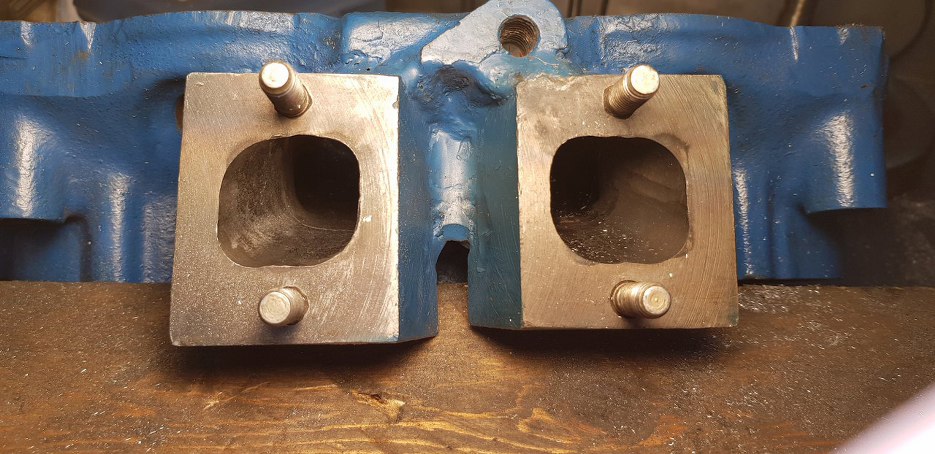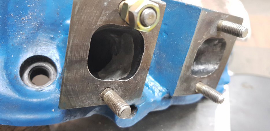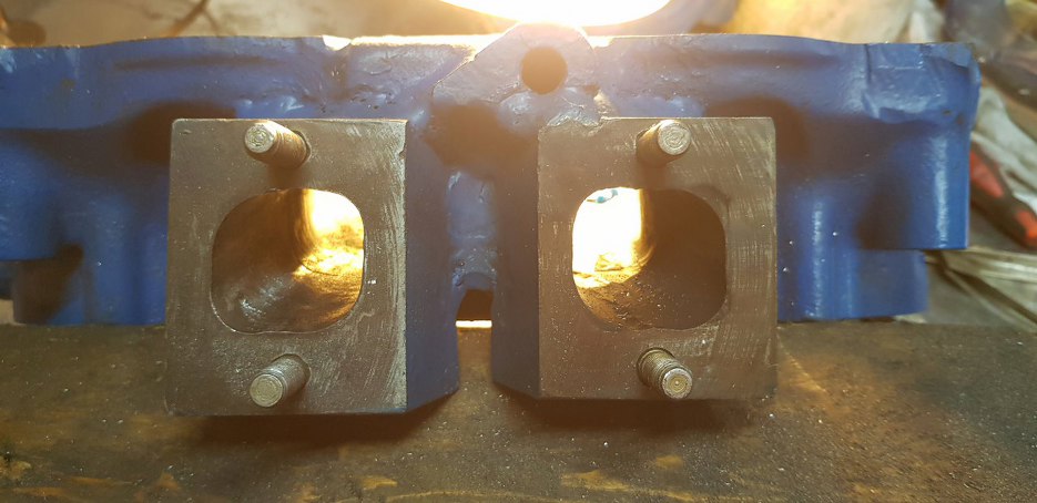 Tu widać wstawione klocki po stronie wydechowej. Resztka starego wydechu widoczna jest pomiędzy tymi klockami u góry.
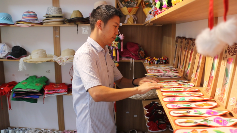 從外地返鄉(xiāng)的“90后”扶銀廷和妻子,在田鋪大塆創(chuàng)辦了一家“文創(chuàng)工坊”。“像鞋墊、虎頭枕、虎頭帽這些手工制品,都是我們當(dāng)?shù)匾恍├先?、大姐手工做的。這些特色的文創(chuàng)產(chǎn)品既能讓游客了解當(dāng)?shù)乇就廖幕衷黾恿舜迕袷杖??!狈鲢y廷說(shuō)。
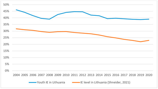 The level of the youth informal economy in Lithuania in 2004–2020.
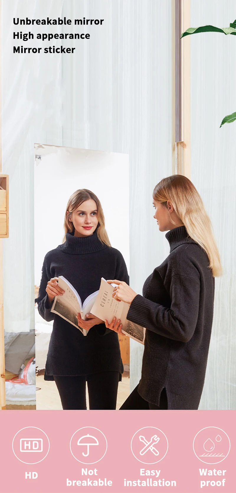 2. Если вы хотите использовать его в качестве зеркала, обязательно Наклейте его на гладкую и плоскую поверхность, как стекло
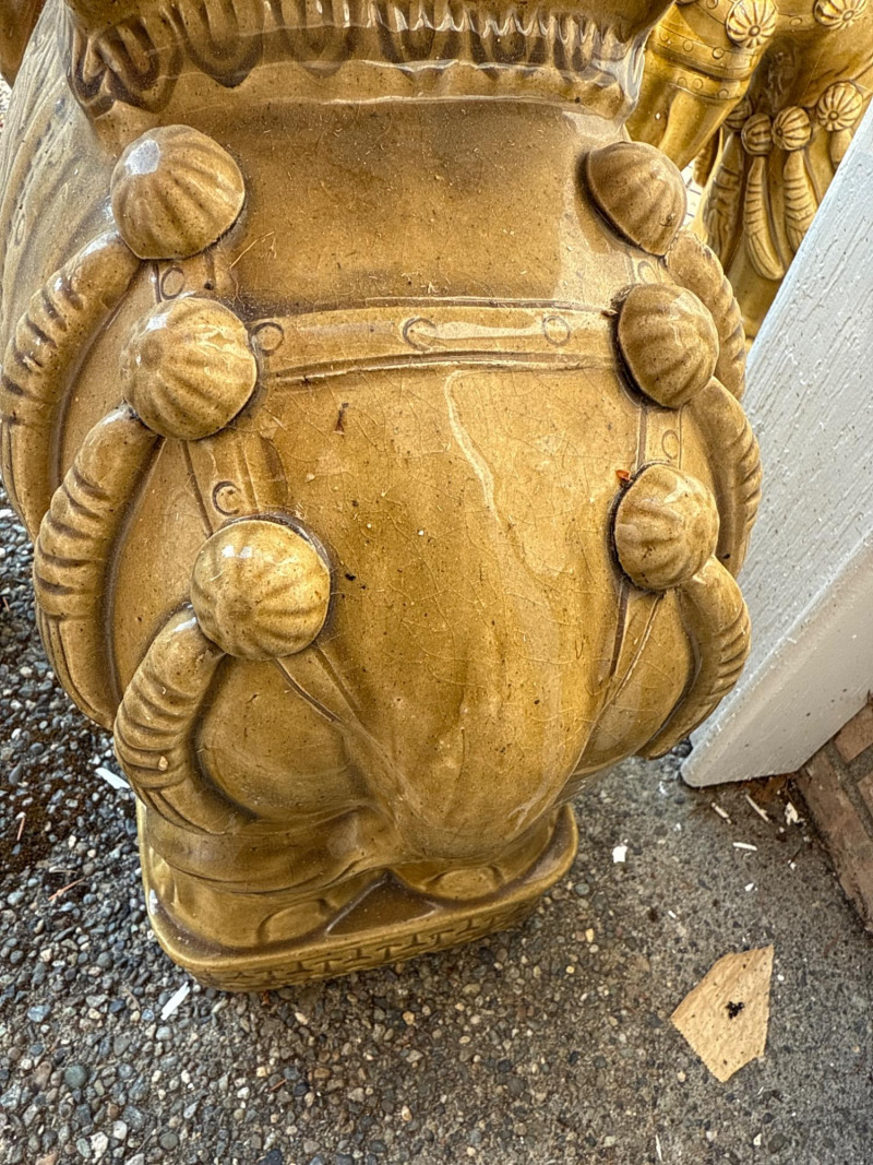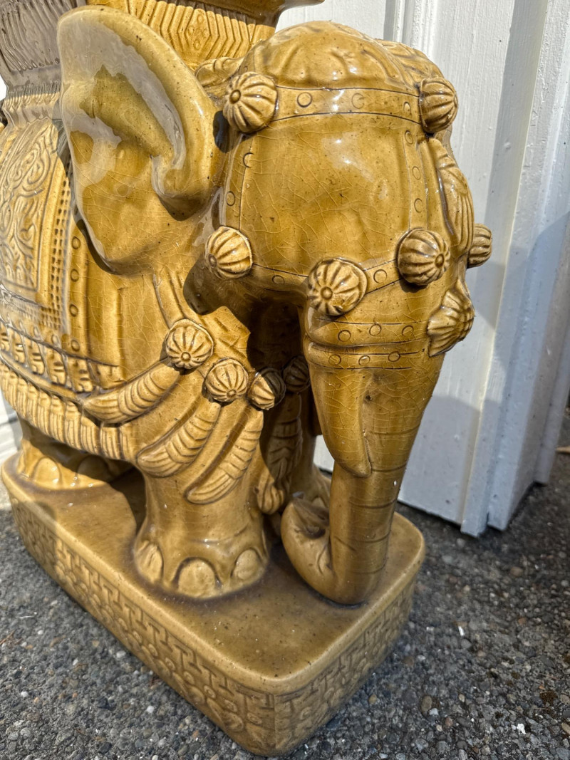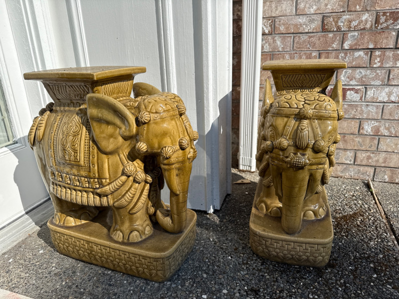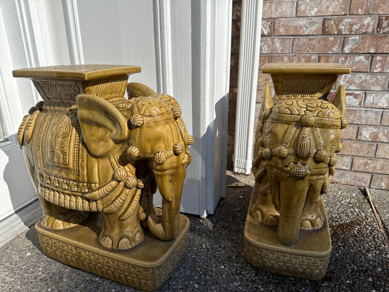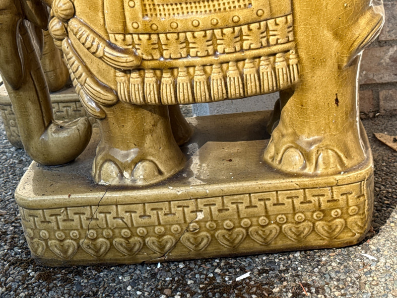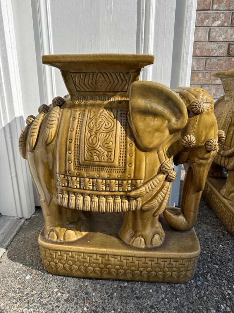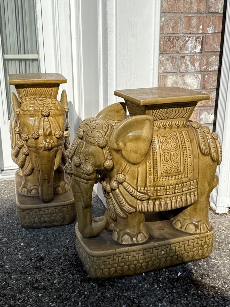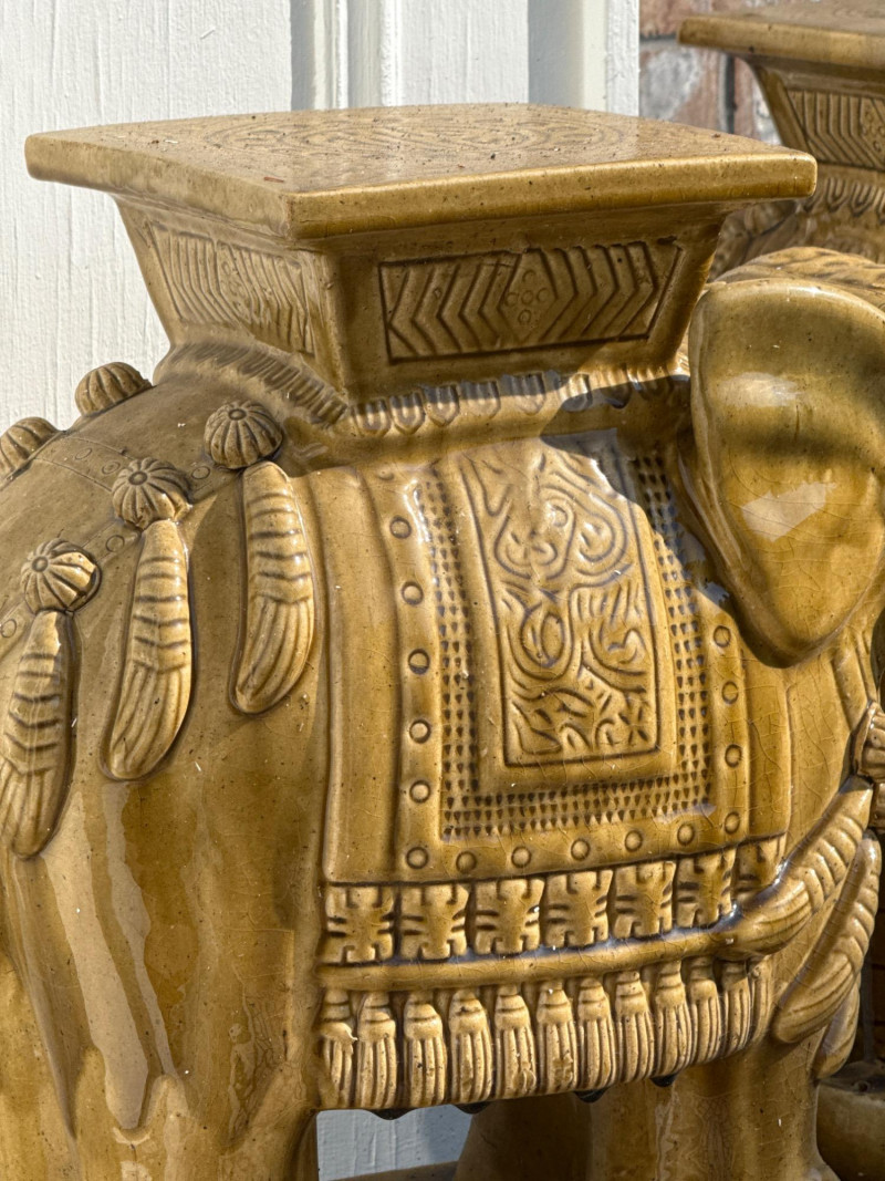 Lot # 143 - Pair of Gold Ceramic Elephant Plant Stands – Ornate Garden Pedestals
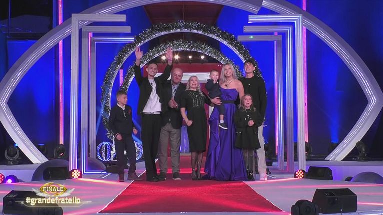 Padre, fratelli, sorella e mamma si susseguono in passerella per regalare a Giulia momenti di tenerezza e parole d'affetto, in un momento toccante che la commuove
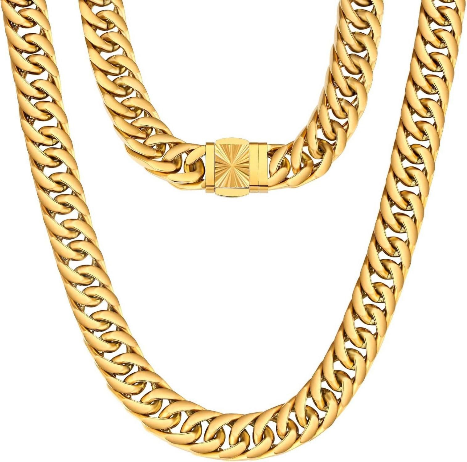 Dank der doppelten elektronischen PVD-Galvanotechnik bleibt der Glanz dieses Armbands jahrelang erhalten. Die Beschichtung mit 18K Gold verhindert, dass Ihre Haut verfärbt und die Farbe des Armbands verblassen könnte. Diese hochwertige Verarbeitung garantiert, dass Ihre Kubanische Gliederkette immer strahlen wird.
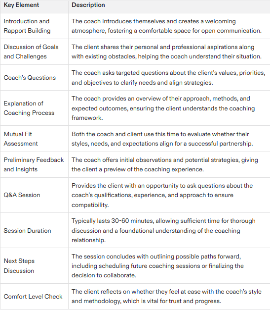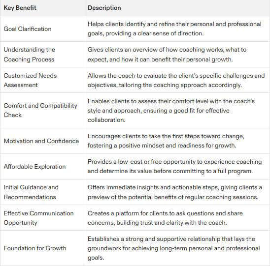 It’s an opportunity for both the coach and the coaching client to engage in a mutual assessment process, where they evaluate their fit and expectations, and the coach can effectively communicate the benefits of their services to encourage participation from potential clients.
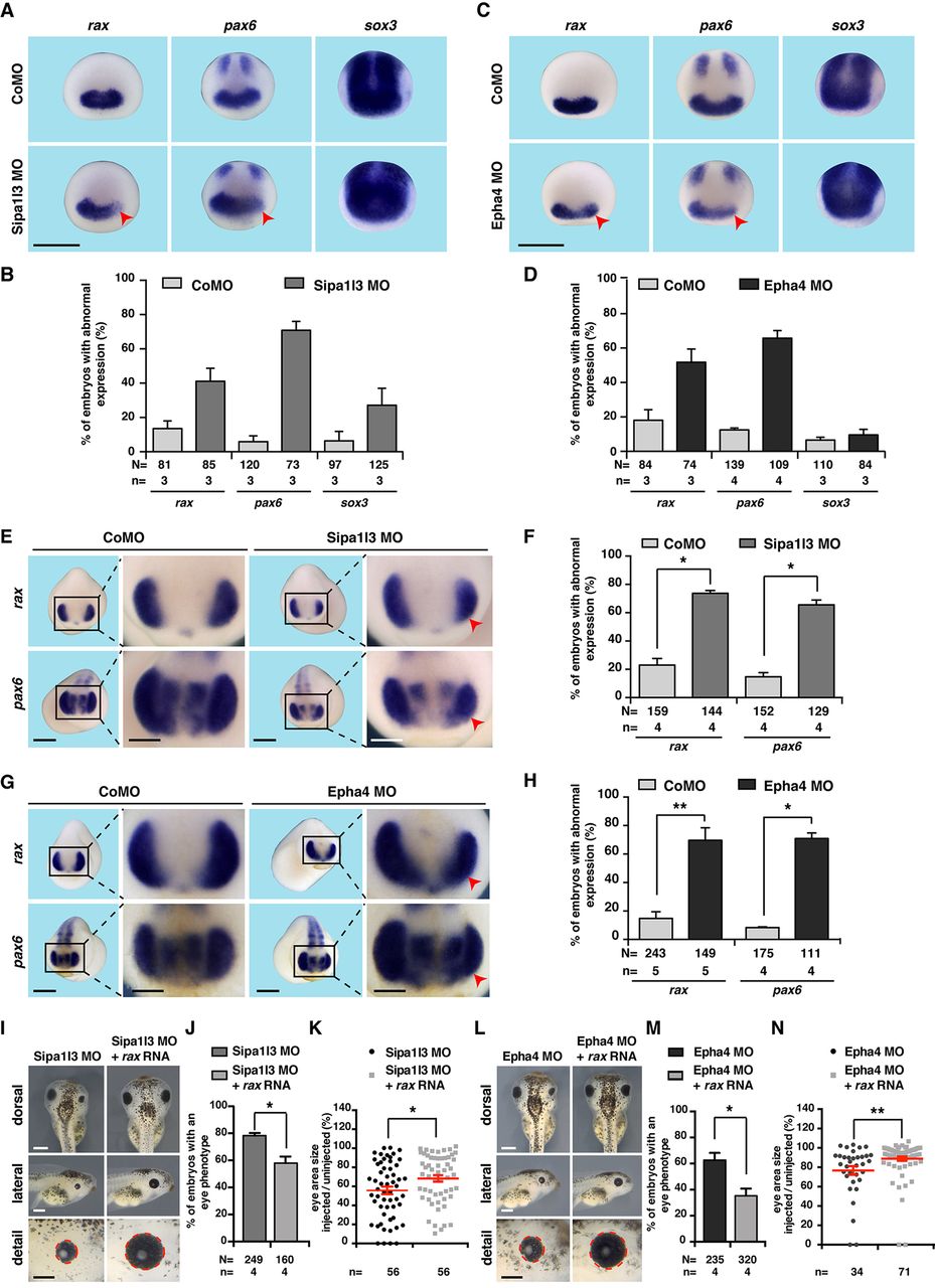µm in detail views. (J) Quantification of the data in I. (K) rax RNA rescues the Sipa1l3 MO-induced microphthalmia phenotype. (L) rax RNA restores the Epha4 MO-induced ocular phenotype. Red circles indicate eye areas. Scale bars: 500â
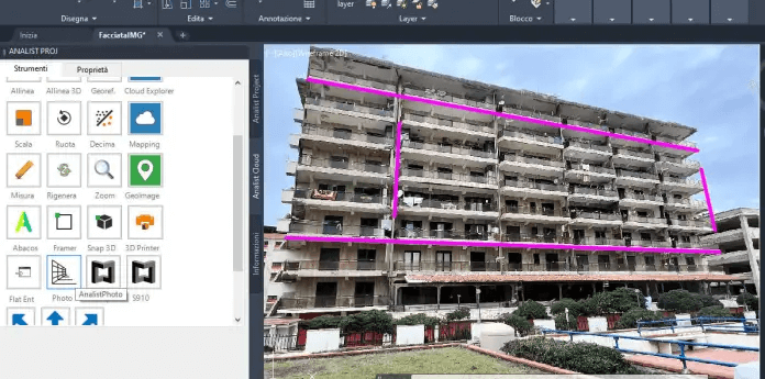 AnalistPhoto è il modulo di Analist CLOUD per la correzione prospettica delle immagini relativo al disegno di facciate.
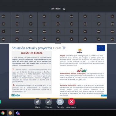 Asimismo, en materia de combustibles sostenibles de aviación (SAF) se resaltó el potencial que la región latinoamericana tiene para este tipo de iniciativas, asimismo se presentaron ejemplos de aplicación de tecnologías apropiadas. Se ponderó la importancia de como una de las principales medidas promovidas desde la OACI para alcanzar las metas aspiracionales en materia ambiental y de cambio climático del sector aéreo internacional, indicando que actualmente ya se están desarrollando diferentes proyectos de producción de SAF. Además, se vinculó que éstos son una medida muy importante para la descarbonización del sector aéreo.
★ ★ ★ ★ ★
§ **TASK ITEM**
With the pictures removed, output the listing above exactly.

§ **TASK SOLUTION**
 Tu widać wstawione klocki po stronie wydechowej. Resztka starego wydechu widoczna jest pomiędzy tymi klockami u góry.
 從外地返鄉(xiāng)的“90后”扶銀廷和妻子,在田鋪大塆創(chuàng)辦了一家“文創(chuàng)工坊”。“像鞋墊、虎頭枕、虎頭帽這些手工制品,都是我們當(dāng)?shù)匾恍├先?、大姐手工做的。這些特色的文創(chuàng)產(chǎn)品既能讓游客了解當(dāng)?shù)乇就廖幕衷黾恿舜迕袷杖??!狈鲢y廷說(shuō)。
 The level of the youth informal economy in Lithuania in 2004–2020.
 2. Если вы хотите использовать его в качестве зеркала, обязательно Наклейте его на гладкую и плоскую поверхность, как стекло
 Lot # 143 - Pair of Gold Ceramic Elephant Plant Stands – Ornate Garden Pedestals
 Padre, fratelli, sorella e mamma si susseguono in passerella per regalare a Giulia momenti di tenerezza e parole d'affetto, in un momento toccante che la commuove
 Dank der doppelten elektronischen PVD-Galvanotechnik bleibt der Glanz dieses Armbands jahrelang erhalten. Die Beschichtung mit 18K Gold verhindert, dass Ihre Haut verfärbt und die Farbe des Armbands verblassen könnte. Diese hochwertige Verarbeitung garantiert, dass Ihre Kubanische Gliederkette immer strahlen wird.
 It’s an opportunity for both the coach and the coaching client to engage in a mutual assessment process, where they evaluate their fit and expectations, and the coach can effectively communicate the benefits of their services to encourage participation from potential clients.
µm in detail views. (J) Quantification of the data in I. (K) rax RNA rescues the Sipa1l3 MO-induced microphthalmia phenotype. (L) rax RNA restores the Epha4 MO-induced ocular phenotype. Red circles indicate eye areas. Scale bars: 500â
 AnalistPhoto è il modulo di Analist CLOUD per la correzione prospettica delle immagini relativo al disegno di facciate.
 Asimismo, en materia de combustibles sostenibles de aviación (SAF) se resaltó el potencial que la región latinoamericana tiene para este tipo de iniciativas, asimismo se presentaron ejemplos de aplicación de tecnologías apropiadas. Se ponderó la importancia de como una de las principales medidas promovidas desde la OACI para alcanzar las metas aspiracionales en materia ambiental y de cambio climático del sector aéreo internacional, indicando que actualmente ya se están desarrollando diferentes proyectos de producción de SAF. Además, se vinculó que éstos son una medida muy importante para la descarbonización del sector aéreo.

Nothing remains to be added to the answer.